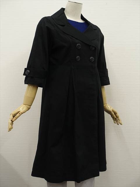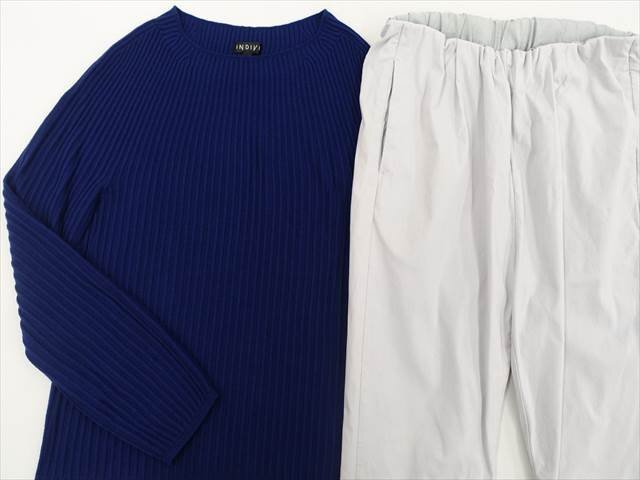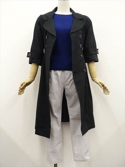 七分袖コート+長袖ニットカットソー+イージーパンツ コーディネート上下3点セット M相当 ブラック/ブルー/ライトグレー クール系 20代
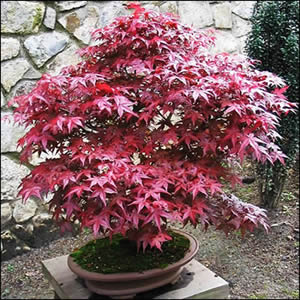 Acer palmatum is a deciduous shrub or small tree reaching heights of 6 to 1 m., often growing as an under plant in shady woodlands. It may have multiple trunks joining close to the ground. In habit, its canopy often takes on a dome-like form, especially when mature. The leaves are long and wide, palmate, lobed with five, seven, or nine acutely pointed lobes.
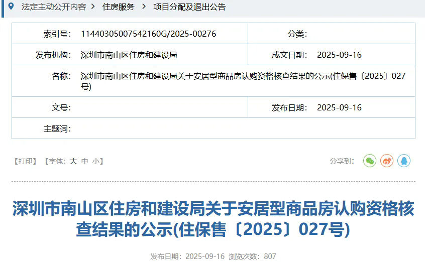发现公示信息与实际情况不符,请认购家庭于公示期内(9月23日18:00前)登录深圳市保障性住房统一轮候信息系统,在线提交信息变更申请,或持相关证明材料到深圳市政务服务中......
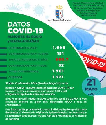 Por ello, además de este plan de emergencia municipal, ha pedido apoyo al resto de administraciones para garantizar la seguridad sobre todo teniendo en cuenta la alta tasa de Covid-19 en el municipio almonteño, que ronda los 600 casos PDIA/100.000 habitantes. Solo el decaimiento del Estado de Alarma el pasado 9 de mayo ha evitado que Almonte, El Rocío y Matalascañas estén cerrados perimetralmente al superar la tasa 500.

...

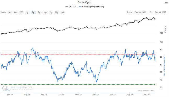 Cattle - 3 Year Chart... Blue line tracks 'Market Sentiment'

...

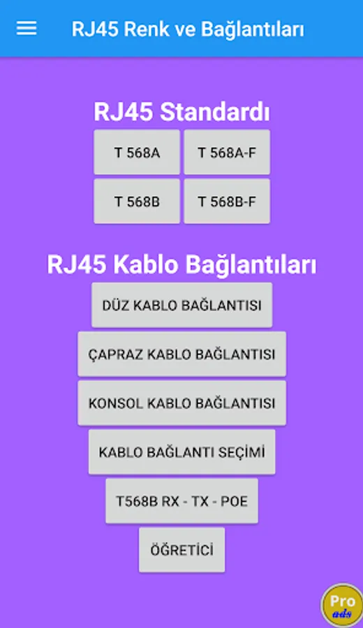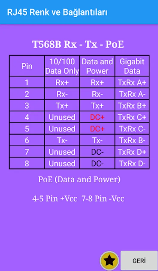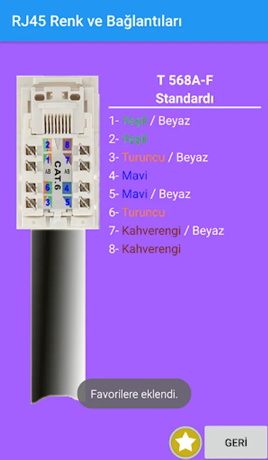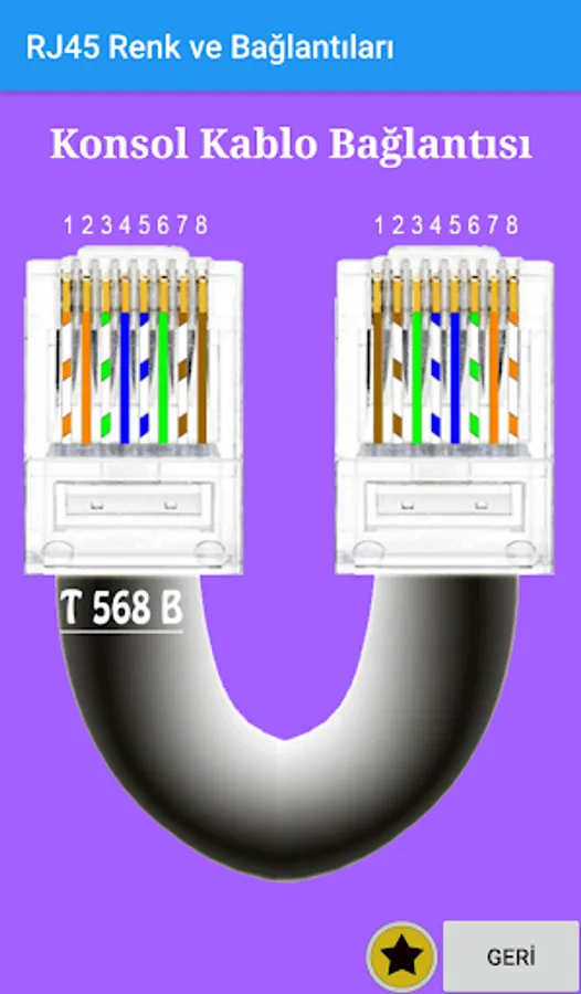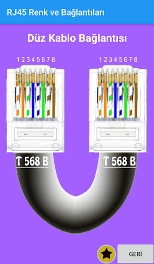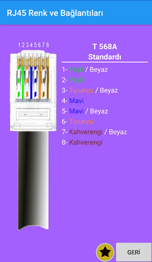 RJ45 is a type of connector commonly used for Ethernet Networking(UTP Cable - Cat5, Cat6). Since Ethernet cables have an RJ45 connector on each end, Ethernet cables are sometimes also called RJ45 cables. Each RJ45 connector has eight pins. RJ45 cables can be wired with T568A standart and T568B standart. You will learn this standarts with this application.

**THE PROBLEM:**
Reproduce the data above exactly, but only from the line containing "七分袖コート+長袖ニットカットソー+イージーパンツ コーディネート上下3点セット M相当" through the line containing "Por ello, además". Omit all pictures.

**ANSWER TO THIS TASK:**
 七分袖コート+長袖ニットカットソー+イージーパンツ コーディネート上下3点セット M相当 ブラック/ブルー/ライトグレー クール系 20代
 Acer palmatum is a deciduous shrub or small tree reaching heights of 6 to 1 m., often growing as an under plant in shady woodlands. It may have multiple trunks joining close to the ground. In habit, its canopy often takes on a dome-like form, especially when mature. The leaves are long and wide, palmate, lobed with five, seven, or nine acutely pointed lobes.
发现公示信息与实际情况不符,请认购家庭于公示期内(9月23日18:00前)登录深圳市保障性住房统一轮候信息系统,在线提交信息变更申请,或持相关证明材料到深圳市政务服务中......
 Por ello, además de este plan de emergencia municipal, ha pedido apoyo al resto de administraciones para garantizar la seguridad sobre todo teniendo en cuenta la alta tasa de Covid-19 en el municipio almonteño, que ronda los 600 casos PDIA/100.000 habitantes. Solo el decaimiento del Estado de Alarma el pasado 9 de mayo ha evitado que Almonte, El Rocío y Matalascañas estén cerrados perimetralmente al superar la tasa 500.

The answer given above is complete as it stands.